Anxiety is causing an excess of stress hormones to be released into the blood, until adrenal fatigue occurs. After a period of time, I recover and normal function occurs until the cycle repeats itself.

Anxiety-------> Overactive Adrenals ---------> Adrenal Fatigue --------> Recovery

and the cycle repeats. I believe that this is the primary cause of most of my symptoms, and that issues like penile damage or venous leakage are mild or non existant. I believe that anxiety has caused a psycological problem to become a physical one due to the effect it is having on my adrenal function, neurotransmitters, and hormones. I will be doing the blood test soon and be posting it here.
 
Current treatment plan:

1. Focus on relaxation techniques, and anti anxiety therapies. Adapt lifestyle to lower stress. Practice yoga and meditation. Change workout routine from extremely intense, to relaxing with tolerable intensity to lower the release of stress hormones.

2. Optimize diet and nutrition. Also begin taking health support, anxiety support, adrenal support, and sexual support herbs, vitamins, and minerals.

3. Reduce sexual frequency and orgasm frequency temporarily to allow the hpta to recover.

4. Get blood test for further evaluation
 
Current treatment plan:

1. Focus on relaxation techniques, and anti anxiety therapies. Adapt lifestyle to lower stress. Practice yoga and meditation. Change workout routine from extremely intense, to relaxing with tolerable intensity to lower the release of stress hormones.

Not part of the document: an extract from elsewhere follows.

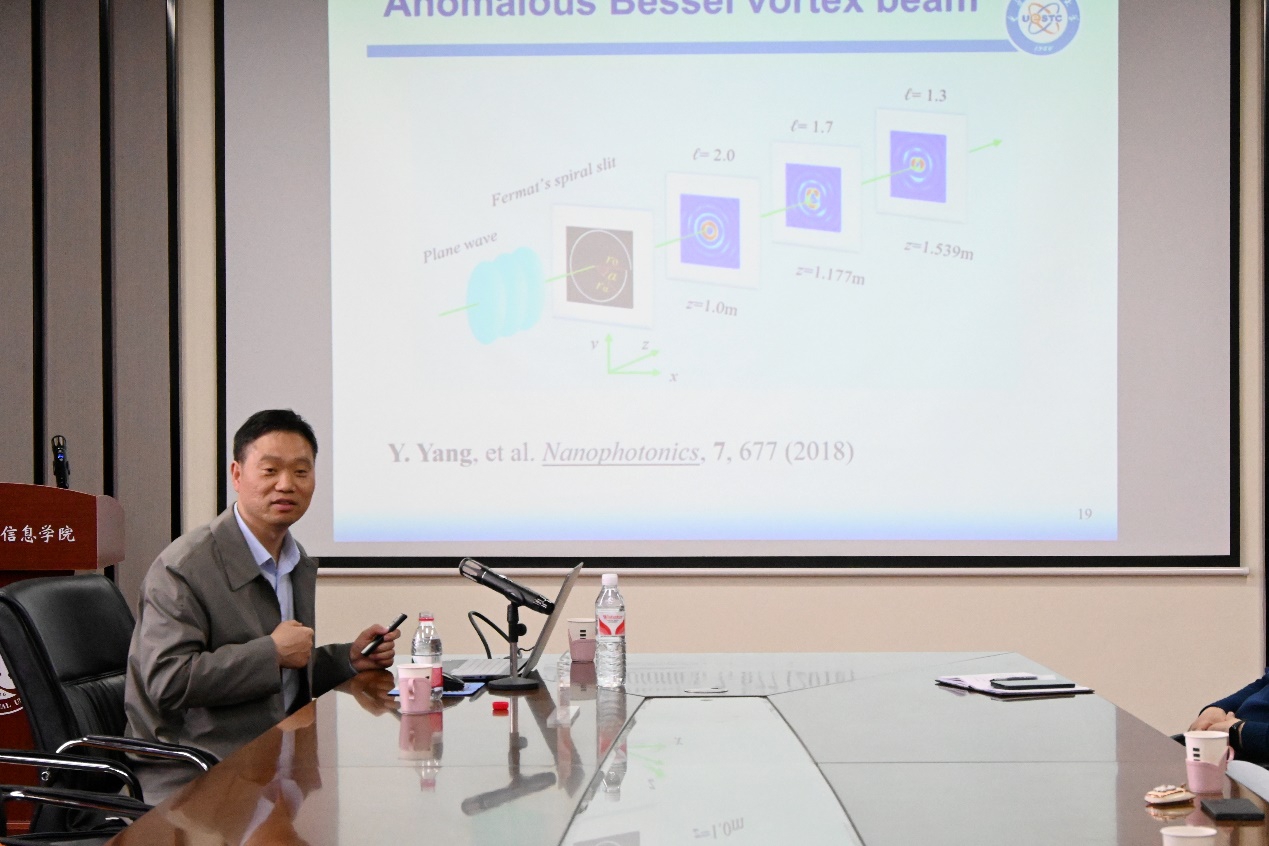 为深化学生对前沿光学领域的认知,激发科研创新热情,4月3日下午,立雪书院学生社区在物理楼305会议室举办“涡旋光的产生、测量及应用”专题学术活动。本次活动由物理与电子信息学院副院长杨数强主持,电子科技大学物理学院教授杨元杰主讲,书院学生踊跃参加。

2. Optimize diet and nutrition. Also begin taking health support, anxiety support, adrenal support, and sexual support herbs, vitamins, and minerals.

3. Reduce sexual frequency and orgasm frequency temporarily to allow the hpta to recover.

4. Get blood test for further evaluation

I don't mean to be a dick, but none of this will work.

I quit my job, sleep as long as I want, eat a very healthy diet, take every "sexual" and "hormonal" vitamin and herb that have studied values and abstain from masturbation for up to 7 days. None of this works.

Stress shouldn't kill your sexual ability unless you are a soldier in Iraq, and even then... it's unlikely.